• **Supplied information**

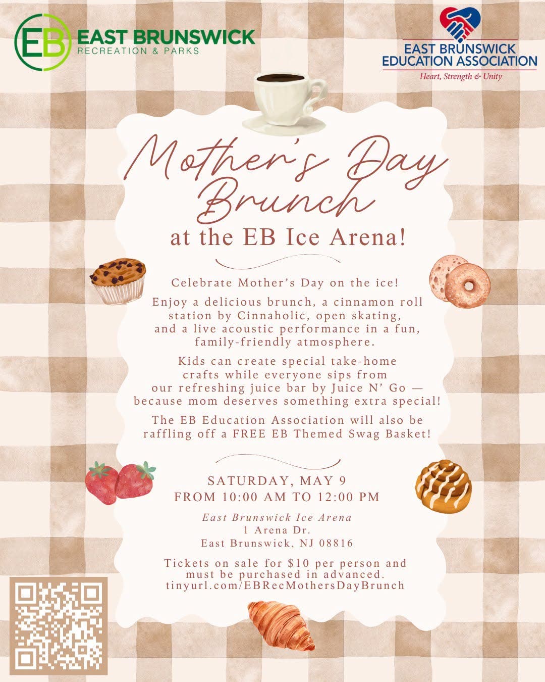 Tickets are $10 per person and must be purchased in advance at tinyurl.com/EBRecMothersDayBrunch or by scanning the QR code on the event flyer. Walk-ins will not be accommodated, organizers said, noting that last year's event sold out quickly.
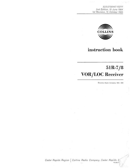 Sale $56.00| /Collins 51RV-1 VOR-ILS Receiver 1963 Overhaul Manual (523-00736003-50)Collins5th Revision, March 1968 $56.00| /Sale
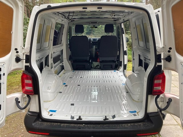 Deze week is mijn VW T6 bj 2015 geleverd en heb ik de binnenzijde volledig gestript.
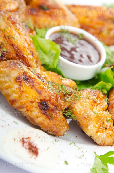 Куриные крылышки с соусом на тарелке крупным планом
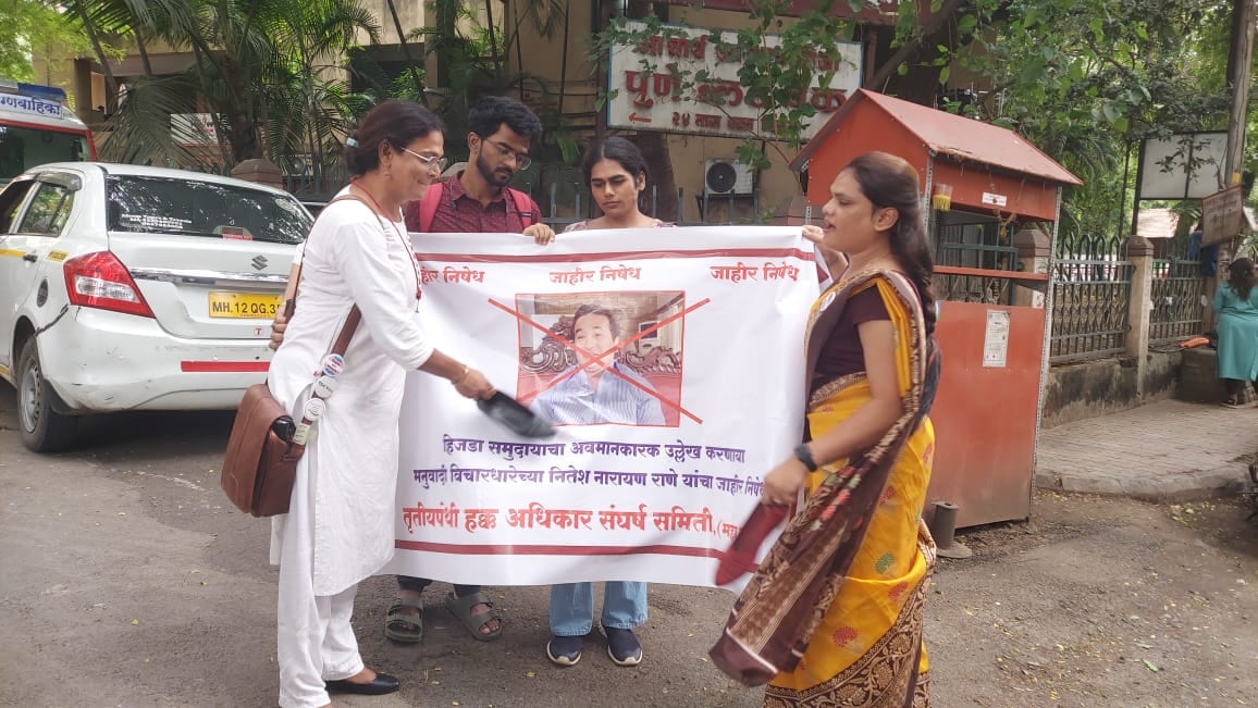 पुणे: ठाकरे गटाचे प्रमुख माजी मुख्यमंत्री उद्धव ठाकरे यांच्यावर टीका करतेवेळी भाजपचे नेते आमदार नितेश राणे यांनी 'हिजडा' या शब्दाचा वापर केला. या विधानाच्या निषेधार्थ पुण्यात तृतीयपंथी हक्क अधिकार संघर्ष समितीच्या वतीने नितेश राणे यांच्या फोटोला जोडे मारून निषेध नोंदविण्यात आला. या आंदोलनात राज्य समन्वयक शामिभा पाटील, निकिता मुखदल या सहभागी होऊन नितेश राणे यांच्या विरोधात जोरदार घोषणाबाजी देखील केली.
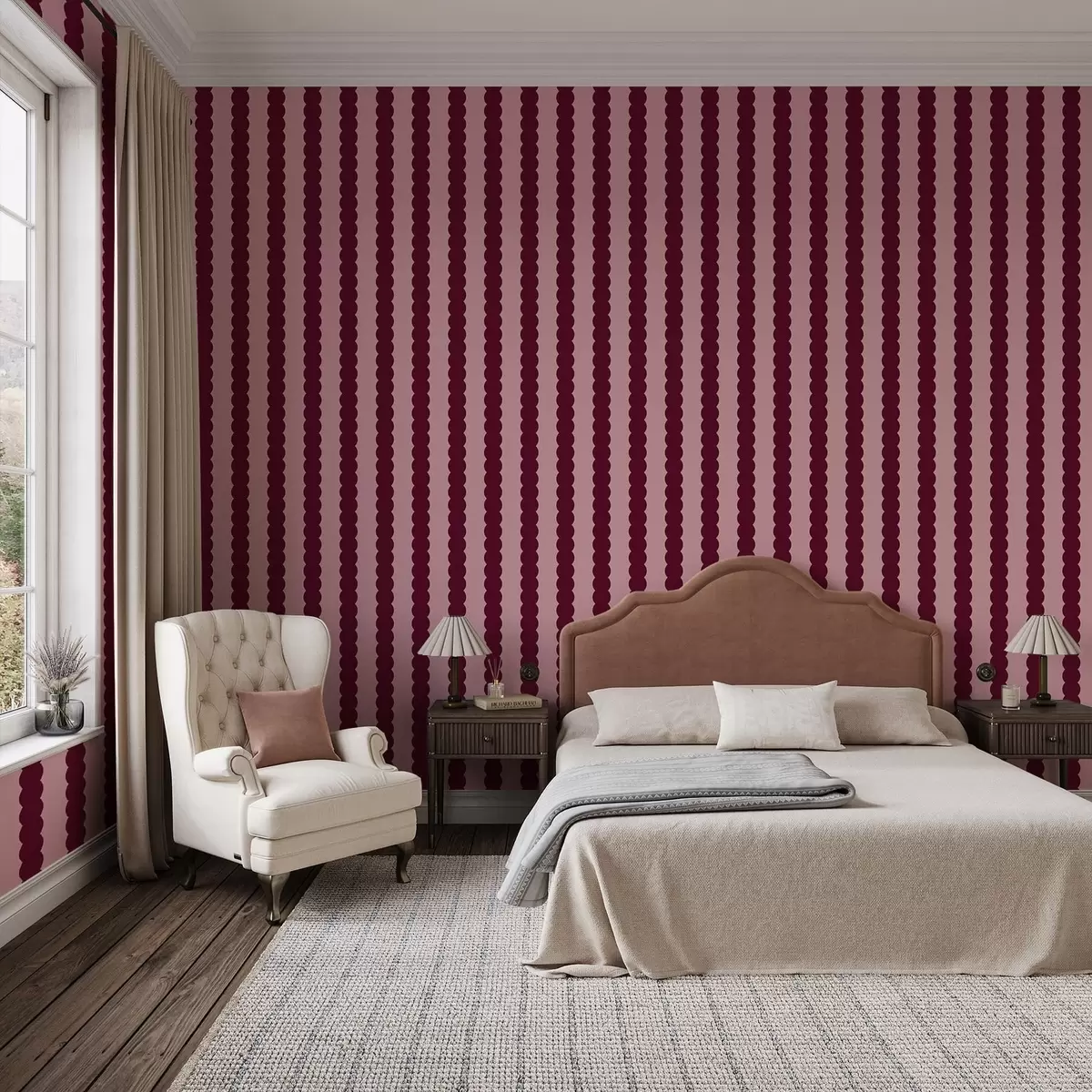 Tapet Burgunderfargede bølgete striper i minimalistisk stil Nr. a01182v5

• **Work order**
An exact printout of the entries is wanted, covering the first line through the line holding "Куриные крылышки с", with pictures kept out of it.

• **Task output**
 Tickets are $10 per person and must be purchased in advance at tinyurl.com/EBRecMothersDayBrunch or by scanning the QR code on the event flyer. Walk-ins will not be accommodated, organizers said, noting that last year's event sold out quickly.
 Sale $56.00| /Collins 51RV-1 VOR-ILS Receiver 1963 Overhaul Manual (523-00736003-50)Collins5th Revision, March 1968 $56.00| /Sale
 Deze week is mijn VW T6 bj 2015 geleverd en heb ik de binnenzijde volledig gestript.
 Куриные крылышки с соусом на тарелке крупным планом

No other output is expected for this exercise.